Negli ultimi anni, il settore delle consegne a domicilio ha registrato un’espansione senza precedenti. Con la crescita del food delivery, dell’e-commerce e dei servizi di logistica urbana, sempre più persone scelgono di lavorare in modo autonomo come rider, fattorini, o corrieri freelance. In questo contesto, il regime forfettario rappresenta una delle soluzioni fiscali più vantaggiose per chi desidera aprire una partita IVA e gestire in modo regolare la propria attività di consegna.
Il regime forfettario è un regime fiscale agevolato pensato per liberi professionisti, lavoratori autonomi e piccoli imprenditori che rispettano determinati requisiti di reddito. Per chi si occupa di consegne a domicilio, questo significa poter operare legalmente, pagare meno tasse e semplificare la gestione contabile, senza l’obbligo di tenere registri complessi o di applicare l’IVA.

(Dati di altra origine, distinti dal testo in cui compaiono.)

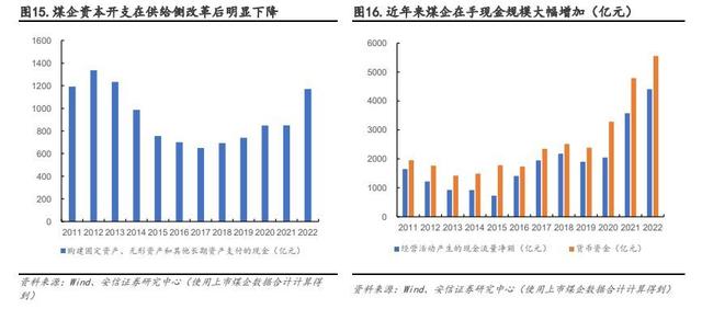 “雙碳”目標(biāo)下,煤企轉(zhuǎn)型具備先天產(chǎn)業(yè)優(yōu)勢(shì)、地域優(yōu)勢(shì)且資金充足。一方面,煤企具有產(chǎn)業(yè)優(yōu)勢(shì),具備能源開采、裝備制造的成熟經(jīng)驗(yàn),擁有穩(wěn)定的下游電廠、化工客源,以及先天地域優(yōu)勢(shì)。我國大型新能源項(xiàng)目基地多數(shù)位于西北地區(qū),與煤炭資源分布重合度較高,如我國第一批容量約 1 億千瓦的大型風(fēng)電光伏基地主要位于甘肅、青海、內(nèi)蒙、寧夏等西部地區(qū)。此外,與傳統(tǒng)能源相比,新能源占地面積大。隨著新能源規(guī)??焖贁U(kuò)大,土地資源已經(jīng)成為影響新能源發(fā)展的重要因素,煤炭企業(yè)可利用自有采煤沉陷區(qū)受損土地規(guī)劃建設(shè)光伏發(fā)電、風(fēng)力發(fā)電等新能源項(xiàng)目,提高資源利用率的同時(shí)還可實(shí)現(xiàn)綠色轉(zhuǎn)型。另一方面,受制于 2011-2013 年行業(yè)產(chǎn)能過剩以及 2016 年以來的供給側(cè)結(jié)構(gòu)性改革,煤炭行業(yè)資本開支明顯下降,2021 年至今雖在行業(yè)景氣度好轉(zhuǎn)以及政策鼓勵(lì)保供穩(wěn)價(jià)背景下有所回升,但在“雙碳”目標(biāo)持續(xù)推進(jìn)下,煤炭固定資產(chǎn)投資規(guī)模大、時(shí)間長(zhǎng),資本開支仍低于此前水平,且新礦井的使用時(shí)間一般長(zhǎng)達(dá)數(shù)十年之久,長(zhǎng)期來看與雙碳背景相違背,企業(yè)進(jìn)行煤炭固定資產(chǎn)投資的意愿不強(qiáng)。但近兩年煤價(jià)高位運(yùn)行,使得煤炭企業(yè)盈利能力持續(xù)改善,在手現(xiàn)金規(guī)模大幅增加,為后續(xù)轉(zhuǎn)型提供基礎(chǔ)。

Aprire partita IVA per consegne a domicilio: da dove si parte
Chi vuole lavorare con le consegne a domicilio in modo indipendente deve aprire una partita IVA. Il primo passo consiste nell’individuare il codice ATECO più adatto alla propria attività. Per esempio, chi effettua consegne per conto di ristoranti, negozi o supermercati può utilizzare il codice 53.20.00 – Altre attività postali e di corriere senza obbligo di servizio universale, oppure 82.92.10 – Servizi di consegna di fattorini, a seconda del tipo di servizio svolto.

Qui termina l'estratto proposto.